MATERIAL PROVIDED
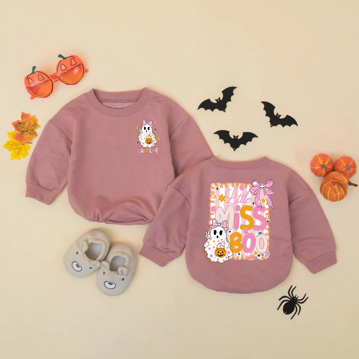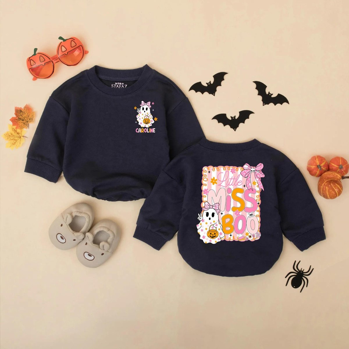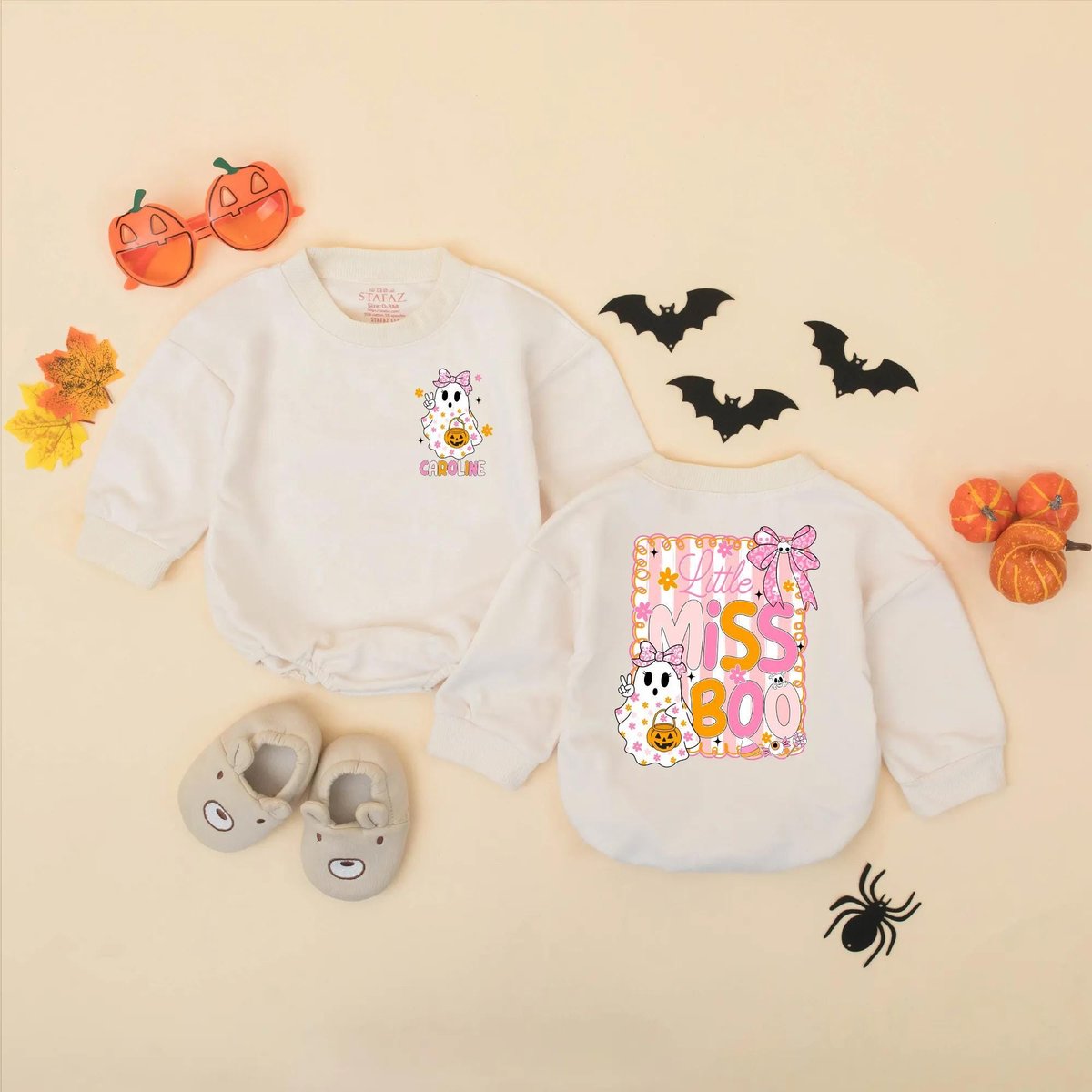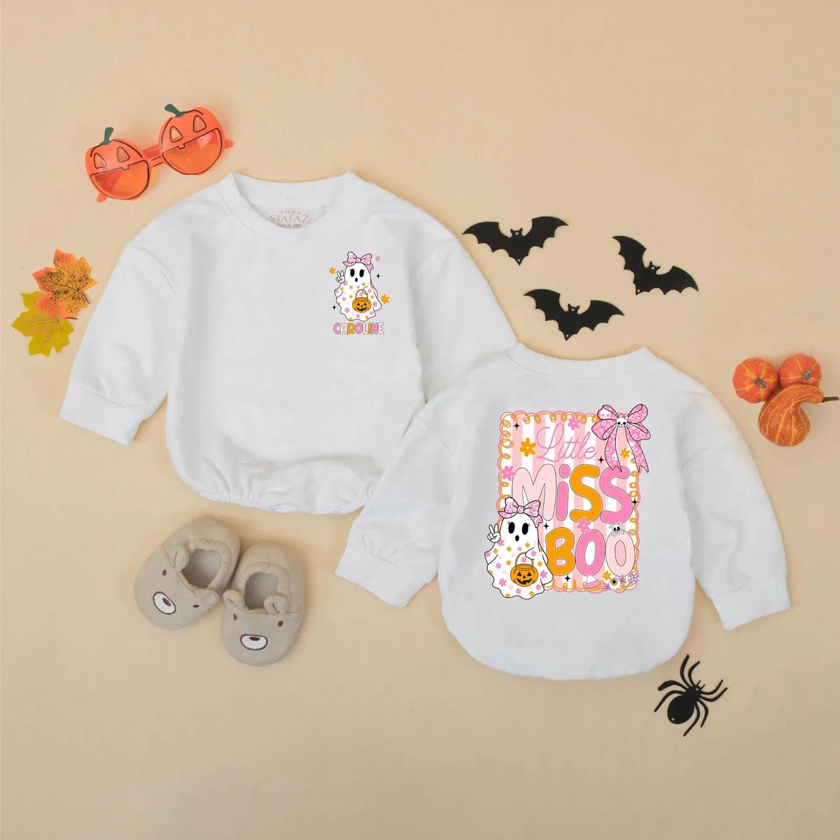 Personalized Little Miss Boo Baby Romper Custom Name Halloween Outfit for Baby Girl Fall Baby Clothe 435
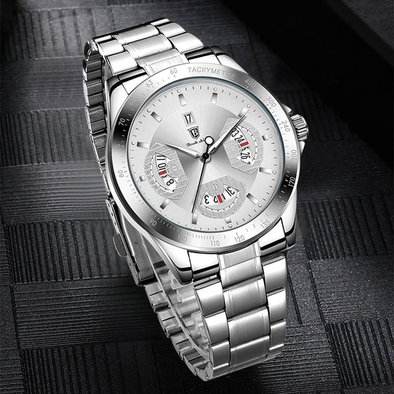 The display mode of this watch is in a classic pointer style, offering a timeless appeal. With its masculine design, this watch is tailored specifically for men, making it an ideal accessory for any occasion. Whether you're attending a formal event or going about your daily routine, this watch effortlessly complements your style.
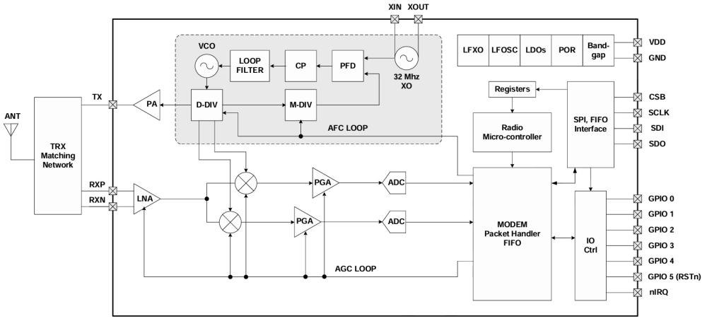 CMT2310A射频接收链路采用了LNA+MXR+PGA+ADC+PLL的低中频结构,射频发射链路采用标准的PLL+PA结构,无需额外增加射频开关器件,即可拥有良好的发射与接收射频性能。
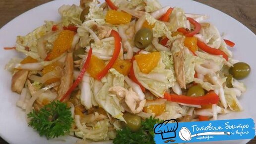 Праздничный новогодний салат с куриной грудкой и апельсинами
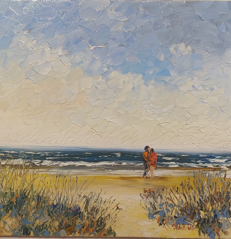 This unique and original contemporary artwork "Amoroso cantabile" was created by contemporary artist Hanniet. The artist used the oil technique to create this small-format painting in the figurative style of a beach scene.
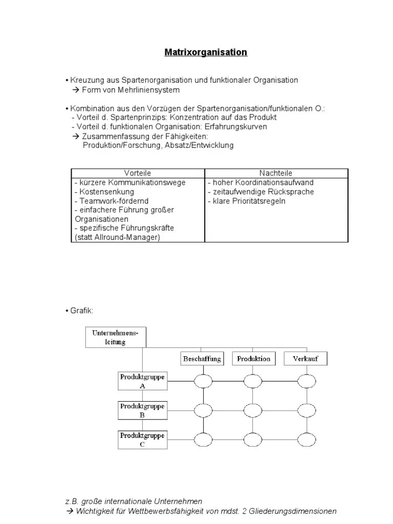 Matrixorganisation : Nenne Vor Und Nachteile Der Matrixorganisation Organisationsformen Des Unternehmens Repetico : In einem werk haben sie eine .. Mit hilfe der matrixorganisation können sie begrenzte ressourcen über mehrere organisationsstrukturen verteilen. Bereits die frage „wer ist arbeitgeber?" kann innerhalb einer matrixorganisation schwer . Sie stellt die kompetenz und verantwortlichkeiten der projektleiter und . Die matrixorganisation hat sich überlebt. In einem werk haben sie eine .
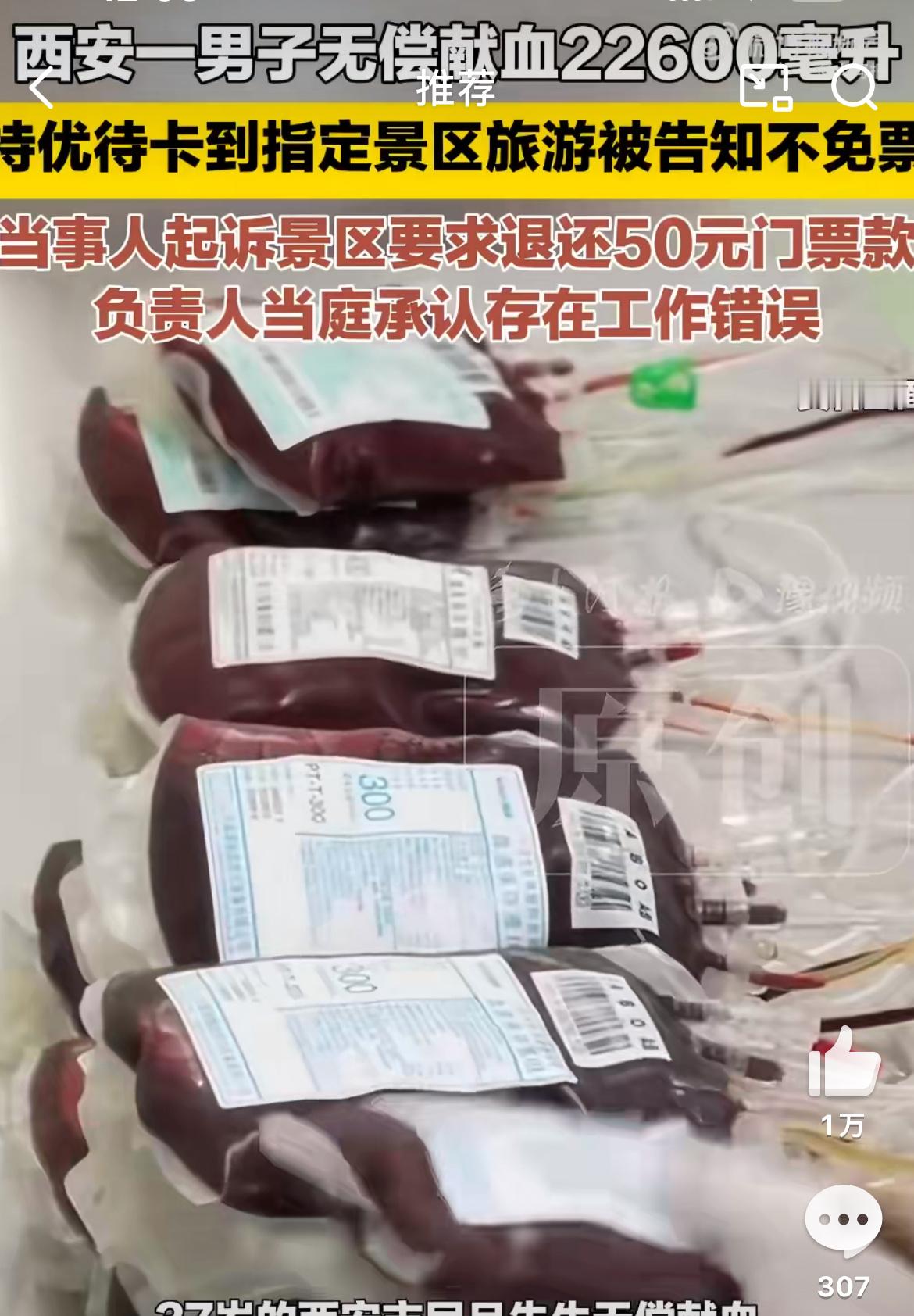 男子献血2.2万毫升景区不免票被告献血2.2万毫升拿金奖A卡去指定景区被拒免票男

YOUR TASK
Where the line holding "Matrixorganisation : Nenne" appears, start copying, and continue exactly through the last line of the listing, both ends included, skipping the pictures.

EXERCISE OUTPUT
 Matrixorganisation : Nenne Vor Und Nachteile Der Matrixorganisation Organisationsformen Des Unternehmens Repetico : In einem werk haben sie eine .. Mit hilfe der matrixorganisation können sie begrenzte ressourcen über mehrere organisationsstrukturen verteilen. Bereits die frage „wer ist arbeitgeber?" kann innerhalb einer matrixorganisation schwer . Sie stellt die kompetenz und verantwortlichkeiten der projektleiter und . Die matrixorganisation hat sich überlebt. In einem werk haben sie eine .
 男子献血2.2万毫升景区不免票被告献血2.2万毫升拿金奖A卡去指定景区被拒免票男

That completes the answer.